#### Task brief:
From the entries below, return only the lines starting at the one that contains "Разходите за заемане" and ending at the one that contains "Тарелка одноразовая, круглая.", exactly as they stand.

Records provided START

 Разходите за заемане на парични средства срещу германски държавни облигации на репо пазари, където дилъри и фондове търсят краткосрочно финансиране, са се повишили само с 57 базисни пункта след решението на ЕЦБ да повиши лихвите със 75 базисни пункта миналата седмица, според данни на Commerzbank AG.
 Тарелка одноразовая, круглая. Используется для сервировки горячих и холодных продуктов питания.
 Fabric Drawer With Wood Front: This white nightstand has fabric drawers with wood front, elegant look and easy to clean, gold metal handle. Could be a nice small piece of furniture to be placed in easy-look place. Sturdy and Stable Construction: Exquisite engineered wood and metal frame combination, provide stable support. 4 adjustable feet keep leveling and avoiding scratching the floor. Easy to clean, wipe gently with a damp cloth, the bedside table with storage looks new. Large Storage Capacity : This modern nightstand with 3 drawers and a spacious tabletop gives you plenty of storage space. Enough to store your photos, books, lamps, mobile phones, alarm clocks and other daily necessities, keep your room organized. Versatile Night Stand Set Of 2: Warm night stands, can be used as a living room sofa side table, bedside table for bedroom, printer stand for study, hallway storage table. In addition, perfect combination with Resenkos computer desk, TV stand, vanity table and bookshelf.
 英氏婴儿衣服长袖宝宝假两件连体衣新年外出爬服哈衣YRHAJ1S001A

Records provided END
Records provided START

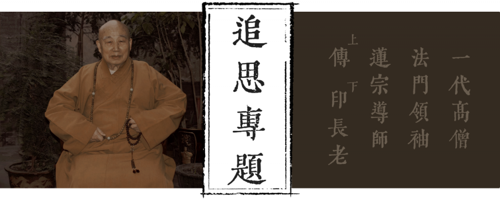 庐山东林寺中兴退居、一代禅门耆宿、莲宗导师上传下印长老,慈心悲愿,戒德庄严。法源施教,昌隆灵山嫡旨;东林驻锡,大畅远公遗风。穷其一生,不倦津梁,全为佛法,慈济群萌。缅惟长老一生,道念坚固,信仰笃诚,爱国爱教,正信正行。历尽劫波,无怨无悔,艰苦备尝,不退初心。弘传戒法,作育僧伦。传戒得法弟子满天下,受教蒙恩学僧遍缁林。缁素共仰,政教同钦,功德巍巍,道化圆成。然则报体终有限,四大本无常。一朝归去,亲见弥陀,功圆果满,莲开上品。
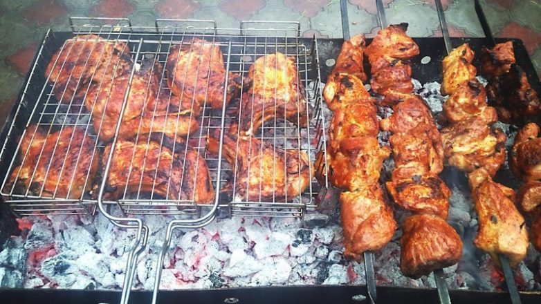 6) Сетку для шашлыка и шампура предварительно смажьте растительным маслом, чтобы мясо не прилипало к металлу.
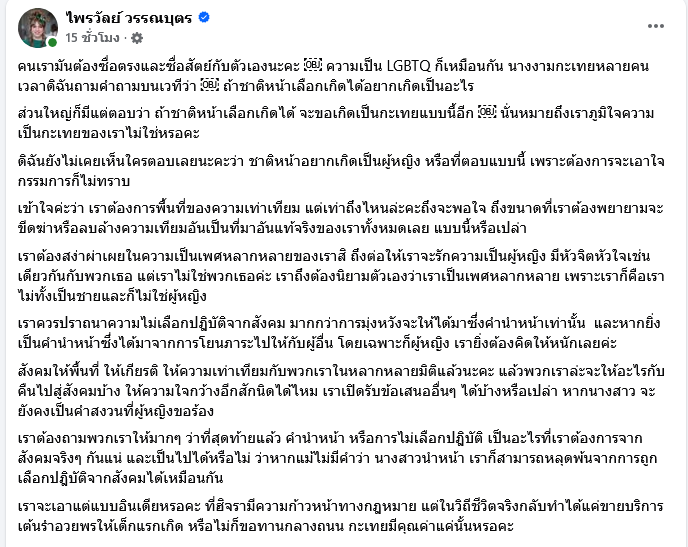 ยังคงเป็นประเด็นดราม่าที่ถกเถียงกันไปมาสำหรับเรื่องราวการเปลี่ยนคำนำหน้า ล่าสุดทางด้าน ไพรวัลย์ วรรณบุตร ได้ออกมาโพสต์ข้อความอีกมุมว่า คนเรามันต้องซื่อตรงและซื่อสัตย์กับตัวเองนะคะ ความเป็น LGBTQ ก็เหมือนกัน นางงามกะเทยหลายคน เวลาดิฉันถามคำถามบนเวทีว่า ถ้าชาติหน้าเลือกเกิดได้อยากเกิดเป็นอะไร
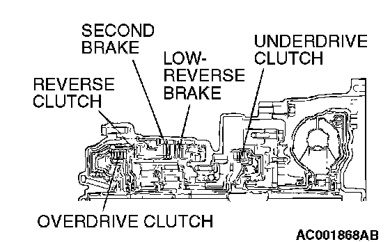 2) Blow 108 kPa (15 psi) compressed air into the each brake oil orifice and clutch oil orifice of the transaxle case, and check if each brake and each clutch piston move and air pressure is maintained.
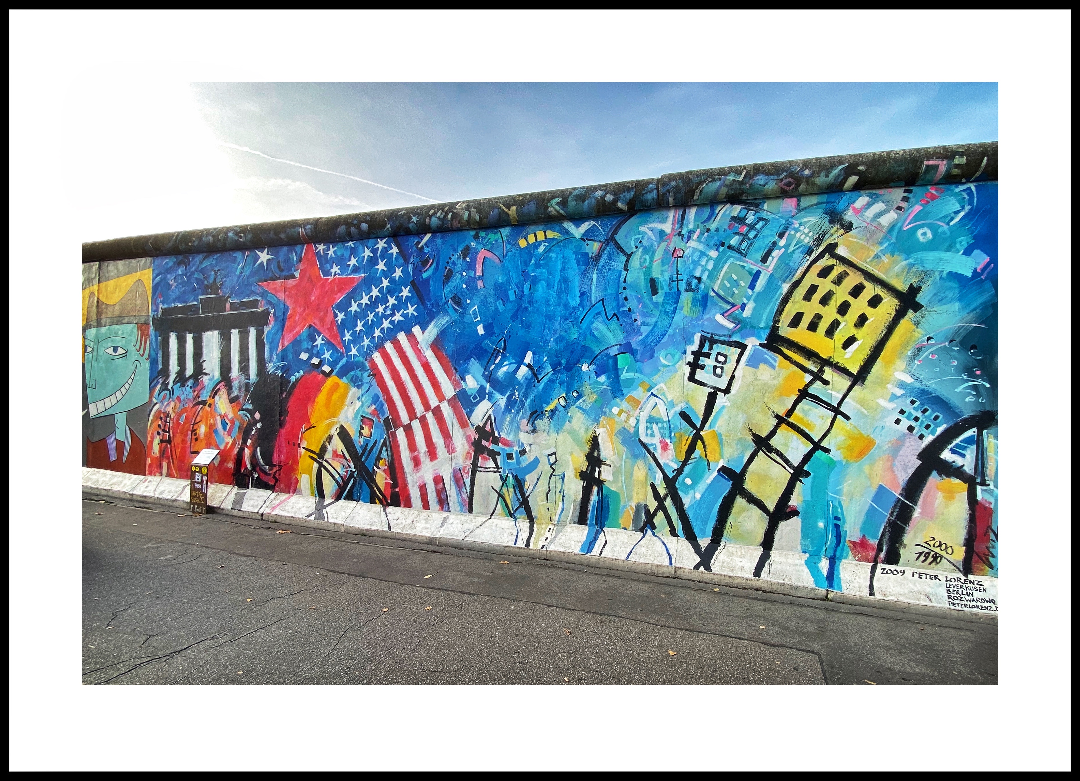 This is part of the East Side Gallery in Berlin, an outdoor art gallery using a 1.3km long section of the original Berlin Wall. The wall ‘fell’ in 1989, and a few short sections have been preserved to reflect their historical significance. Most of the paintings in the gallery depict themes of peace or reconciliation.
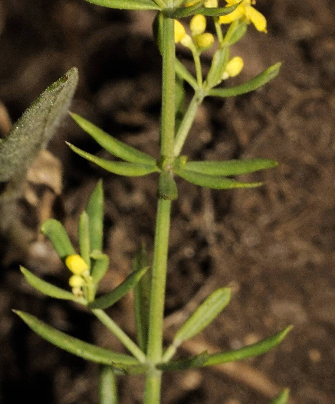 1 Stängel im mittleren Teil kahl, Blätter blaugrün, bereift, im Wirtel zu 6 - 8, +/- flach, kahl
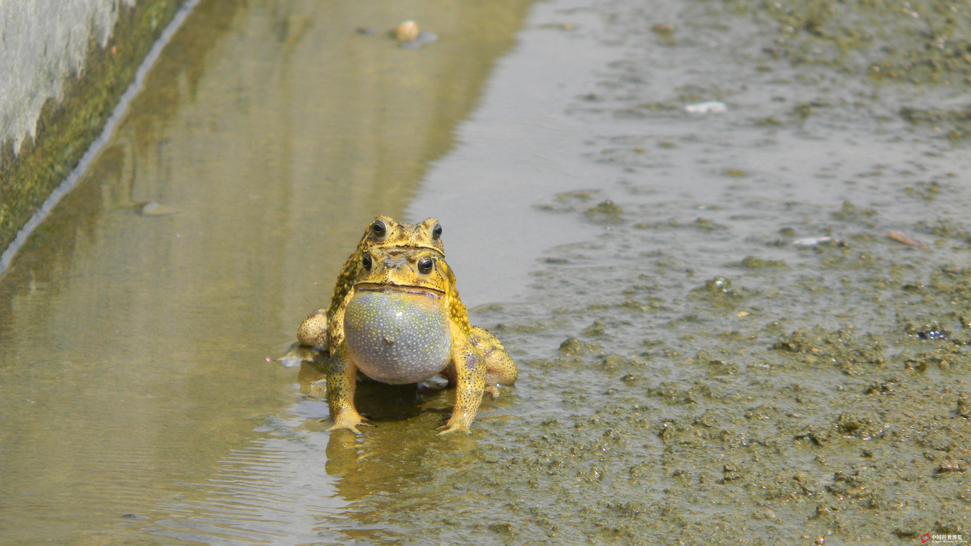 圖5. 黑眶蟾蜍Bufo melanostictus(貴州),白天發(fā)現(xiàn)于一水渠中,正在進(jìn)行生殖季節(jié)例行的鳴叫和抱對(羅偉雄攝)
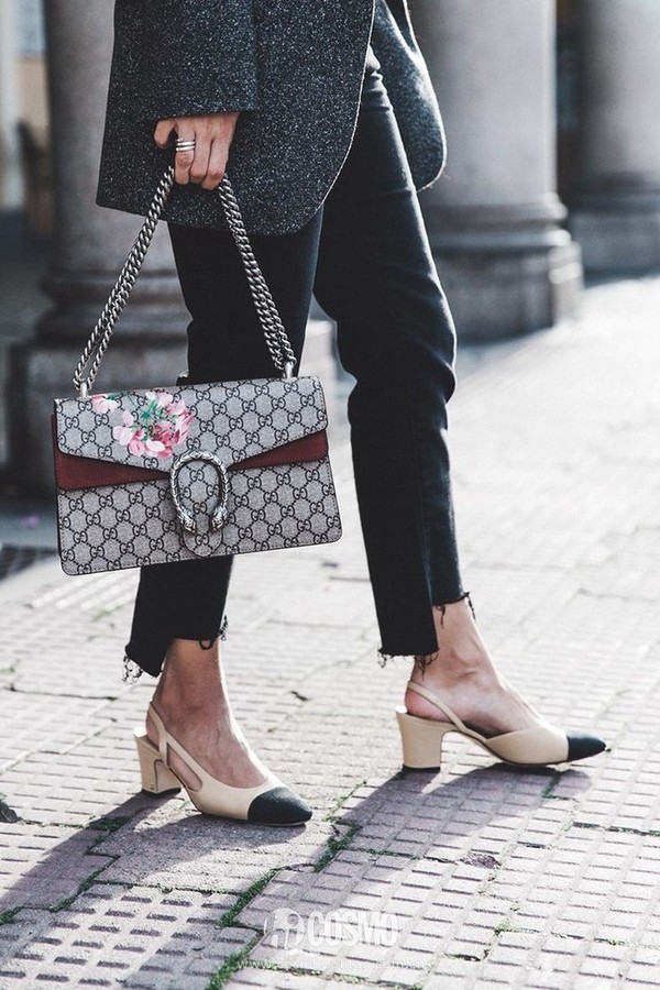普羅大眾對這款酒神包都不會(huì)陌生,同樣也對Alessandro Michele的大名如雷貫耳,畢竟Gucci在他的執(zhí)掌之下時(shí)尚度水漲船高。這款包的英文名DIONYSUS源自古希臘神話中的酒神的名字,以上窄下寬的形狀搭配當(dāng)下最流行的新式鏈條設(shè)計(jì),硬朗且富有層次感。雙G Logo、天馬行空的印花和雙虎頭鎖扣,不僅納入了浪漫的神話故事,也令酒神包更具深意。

Records provided END

#### Task solution:
 Разходите за заемане на парични средства срещу германски държавни облигации на репо пазари, където дилъри и фондове търсят краткосрочно финансиране, са се повишили само с 57 базисни пункта след решението на ЕЦБ да повиши лихвите със 75 базисни пункта миналата седмица, според данни на Commerzbank AG.
 Тарелка одноразовая, круглая. Используется для сервировки горячих и холодных продуктов питания.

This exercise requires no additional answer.